The present invention relates to a heat conduction technique and, in particular, to a heat conduction module structure and a method of manufacturing the same.

BACKGROUND

With the development in the computing speed of electronic components, the heat generated from the electronic components also becomes higher and higher. In order to solve the high heat generation problem, the industry extensively utilizes vapor chambers and heat pipes having good heat conduction properties. However, improvement should be made for current vapor chambers and heat pipes for good heat conduction efficiency, low production costs, and ease of production.
In a conventional assembly structure of a vapor chamber and a heat pipe, a heat pipe is normally disposed perpendicularly on the vapor chamber. The heat pipe does not communicate with the vapor chamber, and heat can only be transferred and dissipated away by means of heat conduction. Such a structure cannot achieve uniform temperature distribution for the vapor chamber and the heat pipe, and as a result, the heat conduction efficiency is greatly compromised. In solution, the industry utilizes a through hole formed on the vapor chamber to connect the heat pipe. However, the manufacturing process is troublesome and complicated, and a working fluid inside does not have a good circulation effect, so improvement is required to solve the above-mentioned problems.

SUMMARY

It is an object of the present invention to provide a heat conduction module structure and a method of manufacturing the same, thereby effectively simplifying a manufacturing process and improving heat conduction and heat dissipation efficiency.
Accordingly, the present invention provides a method of manufacturing a heat conduction module, comprising steps of:
a) preparing a metal board, processing the metal board to form a through hole and a circular wall;
b) preparing a heat pipe, processing the heat pipe to form a first section and a second section, the first section including an opening;
c) arranging the heat pipe to be perpendicular corresponding to the circular wall to allow the opening to communicate with the through hole;
d) inserting a core rod from the through hole to be blocked by the second section;
e) filling a metallic powder into an outer periphery of the core rod from the through hole;
f) performing a sintering process on a half-finished product of step e) to form a porous sintered structure from the through hole to the first section and to form an upper housing;
g) preparing a lower housing, sealing the lower housing with respect to the upper housing; and
h) performing a fluid filling process and a degas sealing process on the half-finished product of step g).
Accordingly, the present invention provides a heat conduction module structure, comprising a vapor chamber, a heat pipe, a porous sintered structure, and a working fluid.
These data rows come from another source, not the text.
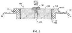Another embodiment is shown inFIG. 52, wherein one can see that thecrimp post404 passes through a larger diameter conductive fill via186. In addition, thetop crimp post404 comes very close to touching thebottom crimp post404′. In this case, the electrical conductivity from the body fluid side to the device side is greatly reduced. An optional configuration is shown inFIG. 27 wherein, the crimp post or tube is continuous from top to bottom thereby affecting the lowest resistivity possible.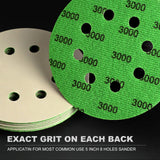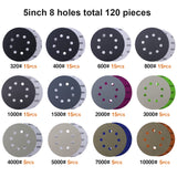 - ASSORTMENT GRITS : 15pcs of each grit 320/400/600/800/1000/1500,5pcs of each grit 2000/3000/4000/5000/7000/10000 and 1 pack 5 inch 8 holes interface pads,can meet almost all of your general polishing requirements.
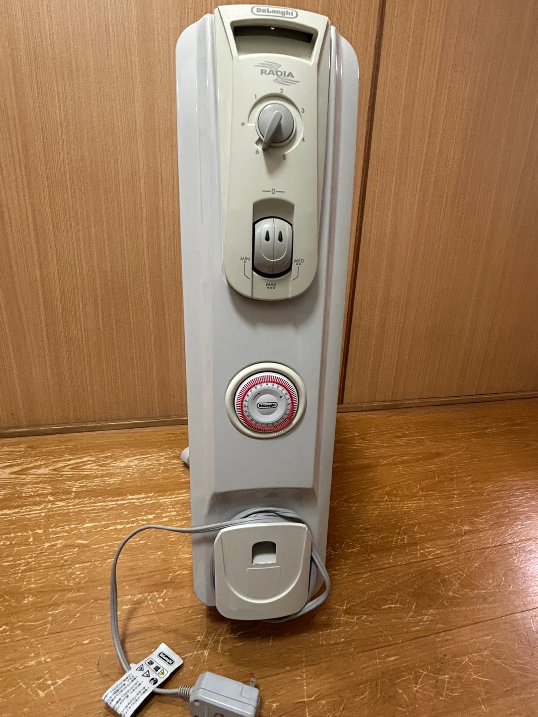 デロンギのオイルヒーターです。 ・メーカー:デロンギ ・状態:使用感あり (カバー付き) ・型番 : R731015EFS このモデルは、L字型フラットフィンを10枚備えています。 適用畳数は4~10畳で、消費電力は最大1500Wです。 24時間ON/OFFタイマーと転倒時自動電源遮断装置が搭載されています。 空気を汚さず、音も静かなため、小さなお子様やペットがいる家庭に適しています 子供が産まれた時に知人から譲り受け自宅保管してましたが使わなかったので使っていただける方にお譲りしたいと思います。 説明書は無いです。ダウンロードしてご確認お願いします。 中古品であることをご了承ください。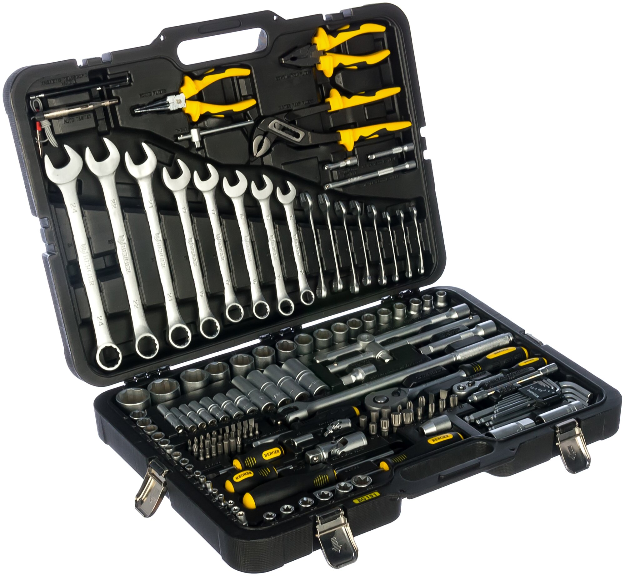 | Вид инструментов в составе набора | отверточный наборпассатижинабор битотверткакруглогубцыключ-трещеткаудлинитель для головоккарданный шарнир для головокклещиторцевые головкиворотокпереходник скользящийключи комбинированныеавтотестер |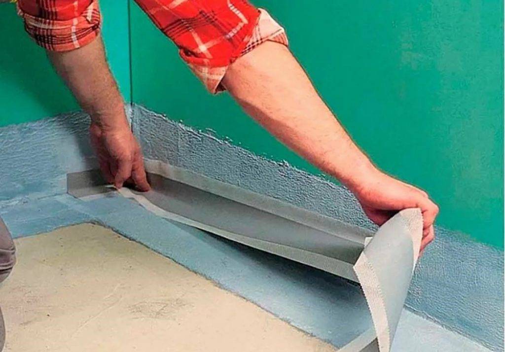 - Постелить гидроизоляционный материал так, чтобы он покрывал небольшую часть стены.
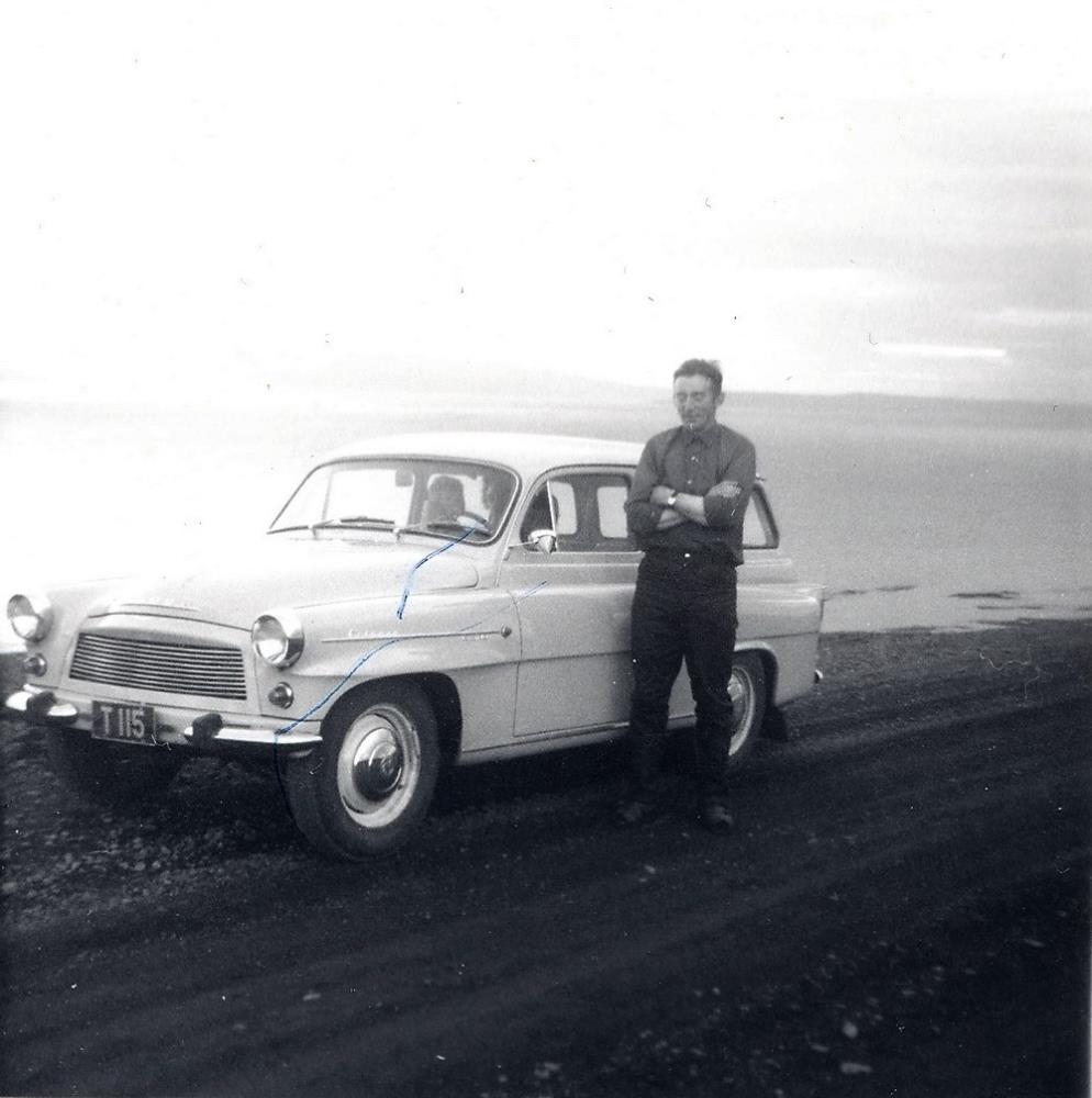 Indirði Sigmundsson við fólksbíl með númerið T-115.

The vapor chamber includes a lower housing and an upper housing sealed with respect to the lower housing, a cavity is formed between the upper housing and the lower housing, and the upper housing includes a through hole and a circular wall extending from a circumference of the through hole. The heat pipe includes a first section and a second section extending from the first section, the first section has a greater inner diameter than an inner diameter of the second section, the first section includes an opening, the heat pipe is disposed perpendicularly corresponding to the circular wall and communicates with the through hole by means of the opening. The porous sintered structure is formed from the through hole to the first section. The working fluid is filled in the cavity.
The present invention further includes the following functions. By utilizing the porous sintered structure connected to the first capillary structure and the second capillary structure, a good circulation of the working fluid inside is achieved.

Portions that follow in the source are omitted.